Stanisławie, jakkolwiek dziwnie to brzmi, nawet w Gdańsku czasem trafia się jakaś całkiem spoko impra:
http://www.goldbergfestival.pl/pr5.html 🙂
O, to to właśnie! Na tę imprę przybyłam do tego pięknego miasta. Już tu jestem! Po „zaledwie” 5’40” drogi
Mieszkam sobie w uroczym hoteliku na Długiej, który działa dopiero od trzech tygodni. Zaglądałam przed wyjazdem na ich stronę i wychodziło na to, że full wypas, i że jakieś szalone promocje cenowe. Okazało sie na miejscu, że wiążą się one z tym, że np. do łazienki nie dają jeszcze mydełek (dobrze, że choć ręczniki), a windy nie ma, bo jest „w trakcie realizacji” 😆 Ale internecik kablowy hula i cudnie. Za oknem kuranty i carillony grają z wieży Ratusza Głównomiejskiego – prześliczne, ale mam nadzieję, że nie nadają co godzinę w nocy 🙄
Mili Gdańszczanie, na minizloty zawsze namawiam! Jestem tu do niedzieli. Koncerty zapowiadają się sympatycznie, można zobaczyć w linku od Wielkiego Wodza 😀 Dziś w Kościele św. Trójcy o 19. jest Ensemble Peregrina z programem starosądeckich klarysek. Znam, ale zawsze z przyjemnością słucham.
A ROMkowi zazdroszczę – od dawna się wybieram do Nohant i jakoś dojechać nie mogę, miałam nadzieję, że w tym roku mi się uda, ale nawet nie pamiętam, dlaczego nie wyszło.
Po przeczytaniu tytułu myślałem, że będzie coś o funkcjonariuszach Służby Więziennej 😆
Quake’u – skrzywienie zawodowe? 😆
Wróciłam z koncertu. Że dziewczyny z Ensemble Peregrina śpiewały pięknie, to oczywista oczywistość, ale przepiękny i znakomity akustycznie był anturaż – prezbiterium ogromnego Kościoła św. Trójcy. Jeszcze podobno trzy lata temu było zamurowane i niedostępne. Teraz wspaniale odnowione, a tak świetnej akustyki się nie spodziewałam.
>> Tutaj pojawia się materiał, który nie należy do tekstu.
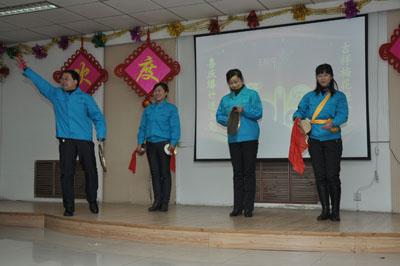 ??????? 聯(lián)歡會在詩朗誦《土地----致利達光電》優(yōu)美的旋律中拉開了帷幕。聯(lián)歡會在歌伴舞《中國話》的熱烈、奔放的氣氛中活躍,一下子把觀眾的開心、歡樂的情緒調(diào)動起來。三句半《喜迎新春》、《利達發(fā)展新事多》鼓、鑼、镲交替清脆鳴響,四人輪番上陣道輝煌,尤其是節(jié)目臨近結(jié)束時四人合力送出的舞蹈,帶出了祥和、喜慶、熱烈的新春氣息;小品《新白娘子》用現(xiàn)代版的語言和行為方式,表演者古今臺詞合用頗具幽默風(fēng)趣,臺上笑料迭出,臺下笑聲、掌聲不斷,晚會現(xiàn)場成了歡樂的海洋。行政部選送的小品《使命》、《職責(zé)》,構(gòu)思獨特,表演形式新穎,武打動作逼真,表達了公司員工熱愛企業(yè),對待自己的工作愛崗敬業(yè)、恪盡職守;單口相聲《我的優(yōu)點》語言幽默風(fēng)趣、捧哏逗哏配合默契,表演惟妙惟肖,將公司2012年的新氣象一一呈現(xiàn);吉他彈唱《老男孩》、粵語歌曲獨唱《真的愛你》等豐富多彩的節(jié)目,展現(xiàn)了利達人多才多藝、能歌善舞。五次抽獎穿插整臺聯(lián)歡會始終,不斷將聯(lián)歡會推向高潮,穿插的抽獎環(huán)節(jié)使現(xiàn)場員工驚喜萬分。聯(lián)歡晚會伴隨著《明天會更好》的優(yōu)美旋律圓滿結(jié)束。
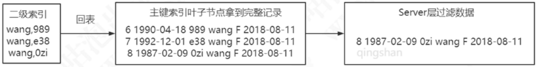 1)根据联合索引查出所有姓wang的二级索引数据(3个主键值6,7,8)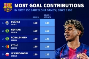 1990年以来巴萨生涯前150场直接参与进球榜:(图片来自本场比赛赛前)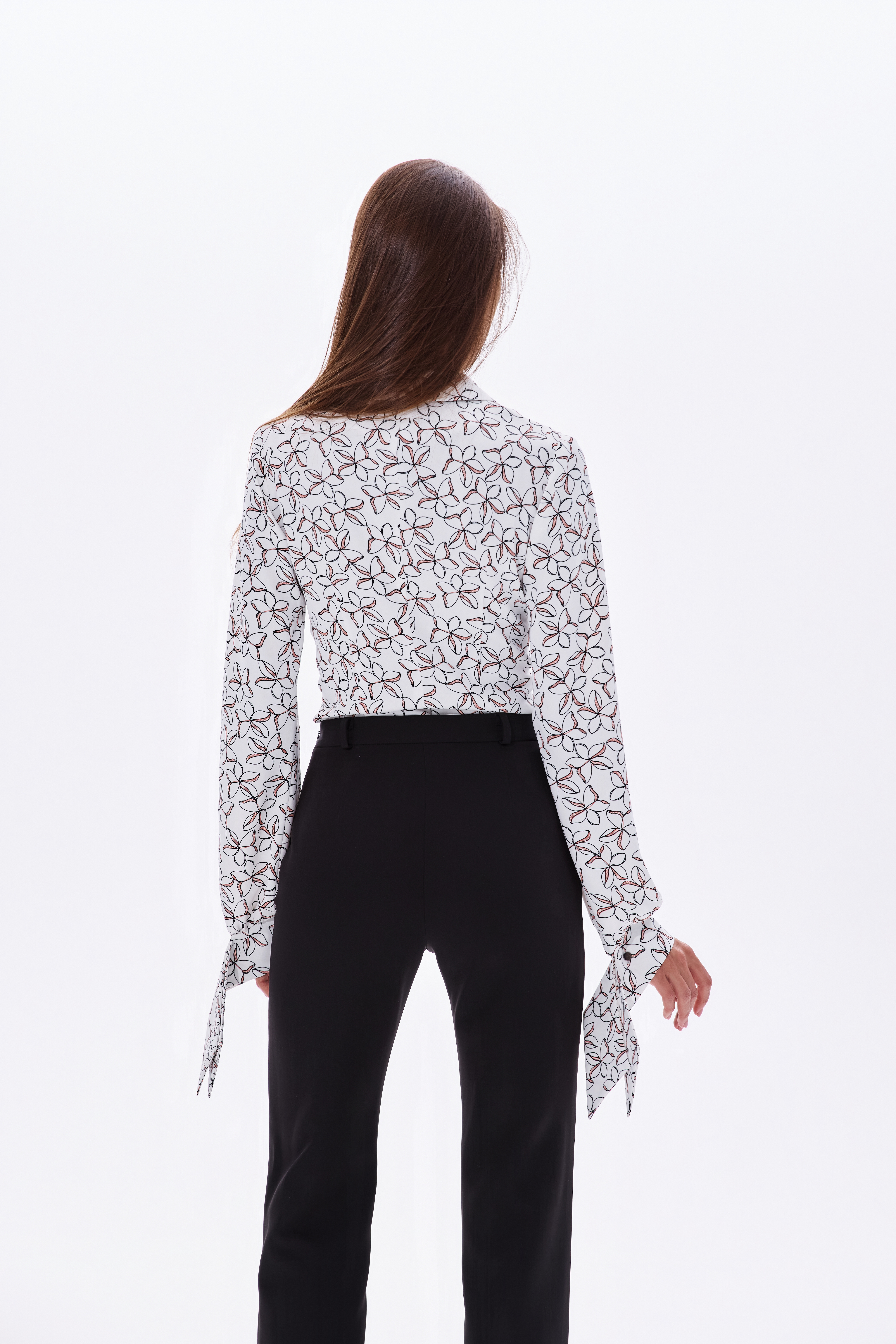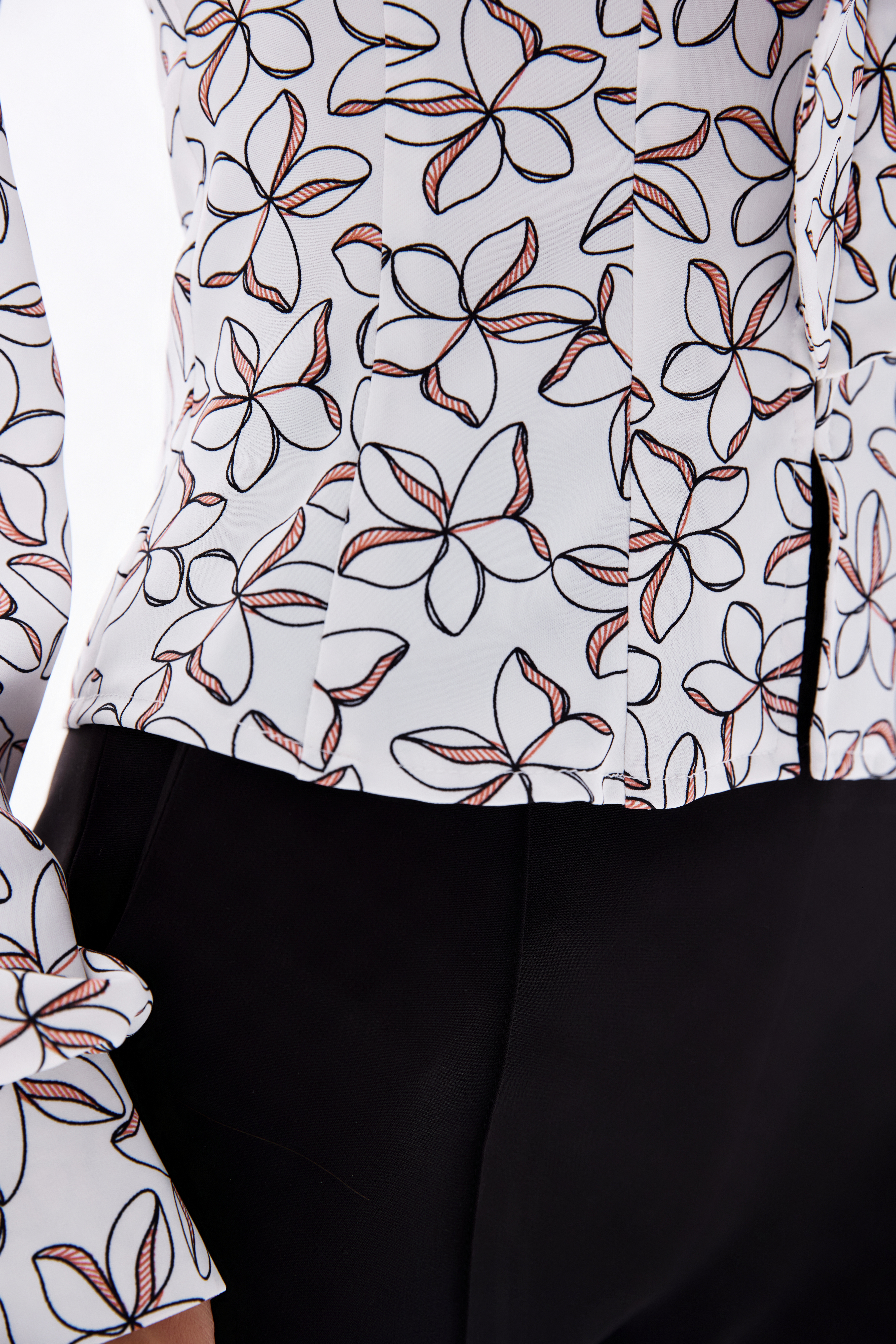 Элегантная рубашка приталенного силуэта с мягким акцентом на линию талии. Выполнена из лёгкой ткани с графичным цветочным принтом. Глубокий вырез и удлинённые манжеты создают утончённый, женственный образ. Подходит для офисных луков, вечерних выходов и повседневных сочетаний с джинсами или классическими брюками.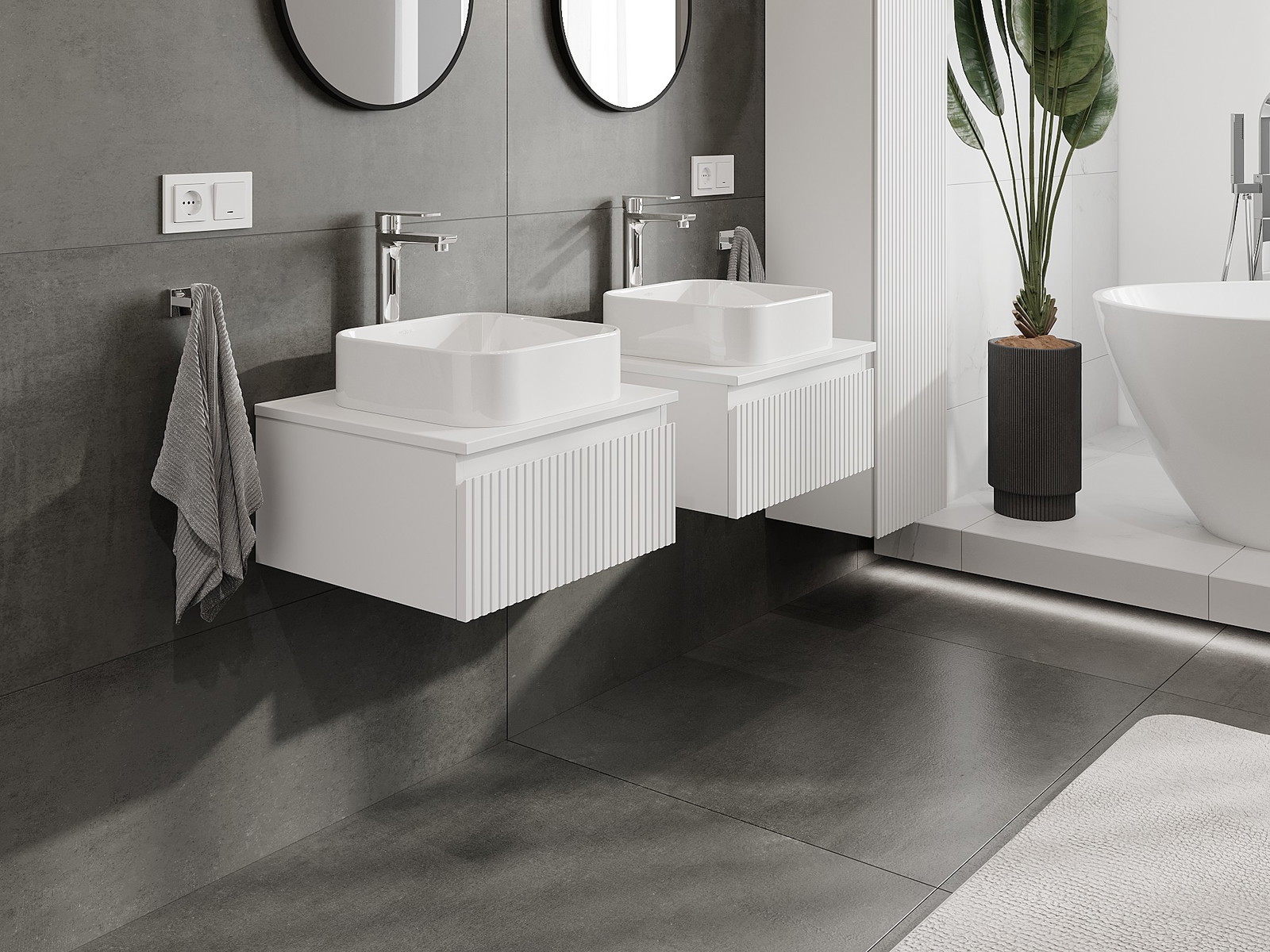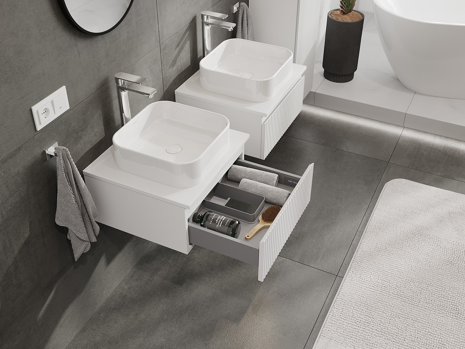 Нашите модулни мебели за баня могат да се комбинират в различни цветови конфигурации, което позволява пълна персонализация. Може да се избере както външният вид, така и функциите на отделните елементи, което позволява съчетаване на мебелите със собствените стилови и функционални предпочитания.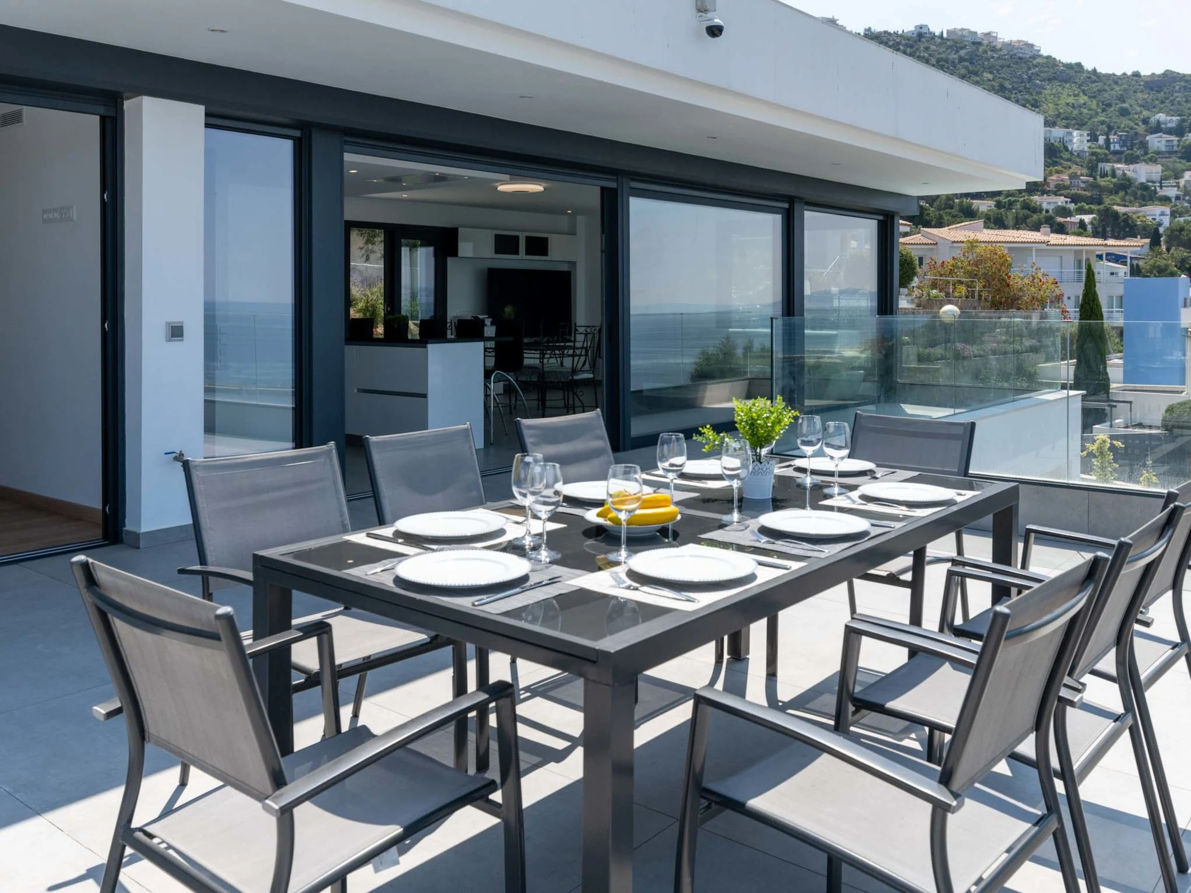 Villa 5 pièces 145 m2 sur 2 niveaux, situation sud-ouest. Spacieux et clair, aménagement confortable et luxueux: à l'étage inférieur: 1 chambre avec 1 grand-lit (160 cm, longueur 200 cm), air-conditionné, chauffage à air chaud et volet roulant électrique. Sortie sur la terrasse. 1 chambre avec 1 grand-lit (160 cm, longueur 200 cm), douche/WC, air-conditionné, chauffage à air chaud et volet roulant électrique. Sortie sur la terrasse. 1 chambre avec 1 x 2 lits superposés (90 cm, longueur 190 cm), air-conditionné, chauffage à air chaud et volet roulant électrique. Douche/WC. À l'étage supérieur: séjour/salle à manger avec table pour les repas, TV (satellite) et Télévision numérique (écran plat), air-conditionné, chauffage à air chaud et volet roulant électrique. Sortie sur la terrasse, sur la piscine. 1 chambre avec 1 grand-lit (150 cm, longueur 190 cm), air-conditionné, chauffage à air chaud et volet roulant électrique. Grande cuisine ouverte (four, lave-vaisselle, 3 plaques à induction, grille-pain, bouilloire électrique, micro-ondes, congélateur, cafetière électrique, ilot de cuisine). Bain/WC. Grande terrasse, situation sud. Meubles de terrasse. Superbe vue panoramique sur la mer. A disposition: lave-linge, sèche-linge, fer à repasser, lit bébé, sèche-cheveux. Garage. Veuillez noter: TV seulement ES, FR. Pas acceptes groupes de jeunes + groupes de 8 adultes. Exclusivement familles avec enfants. Sit. montagneuse: pression d'eau parfois faible-pompe est installée. [hidden] // Reg. Nr.: ESFCTU00001701900010153200000000000000000[hidden]4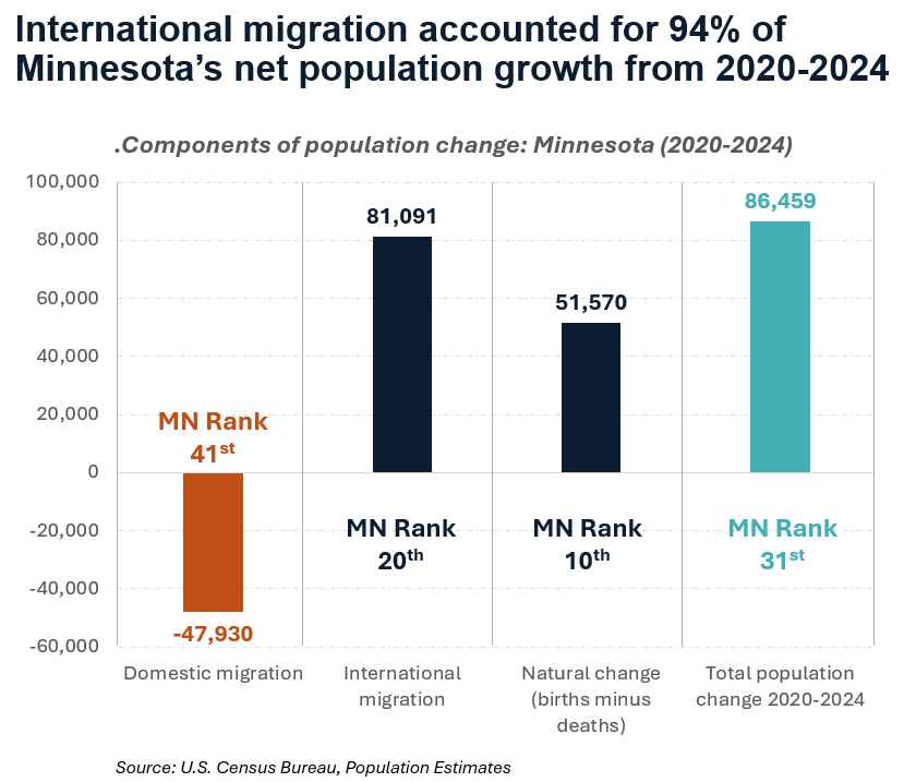 Minnesota ranks 41st in GDP growth, 40th in labor force growth and 37th in job growth so far this decade. Immigration remains one of the key levers to improve the state’s economic outlook going forward.

Jutro napiszę coś więcej we wpisie, mam się spotkać z p. Andrzejem Szadejko, który mi opowie o różnych ciekawych rzeczach, jakimi się zajmują, jako to rekonstrukcja wyjątkowo umiejscowionych w tym kościele organów, poszukiwania w dziedzinie dawnej muzyki gdańskiej itp.
A ja widziałam Pania Gospodynie na dzisiejszym koncercie!. Slicznie spiewaja. I Kosciol tworzyl klimat.
Pozdrawiam i jutro nastepny koncercik bardzo interesujacy.
Gratulacje w związku z 500!
Piszę powoli, bo wiem, że powoli czytasz 😉
Pobutka.
To nie ta Peregrina, ale nie szkodzi – też ładne 😀
A mnie tu za oknem z wieży ratuszowej zabrzmiał o ósmej na carillonie taniec z Tabulatury Jana z Lublina 😀
zeenowi dzięki za spóźnione, ale szczere 😉
Chiaranzano, na pewno będę na koncercie dziś i jutro 🙂
Właśnie w Dwójce mówili o takim festiwalu w Gliwicach 😯
http://www.tkfuga.pl/festiwal/program.html
Obaj panowie, organizator i prowadzący Poranek Tomasz Szachowski, wymawiali nazwę festiwalu „OL IMPROWIZO”, jakby pierwsze słowo to było angielskie „all”, które jednak całkiem coś innego znaczy – bo rozumiem, że miało chodzić o włoski zwrot all’improvviso 😈
Wszystko źle zrozumiałem. Jutro to było dziś. Wiem o imprezie w naszej bądź co bądź „jednostce organizacyjnej”. Zrezygnowaliśmy z planowanego wyjazdu, bo niestety, nie możemy. Trochę różnych kłopotów. Szkoda, że żadnego minizlotu nie ma przy okazji pobytu PK.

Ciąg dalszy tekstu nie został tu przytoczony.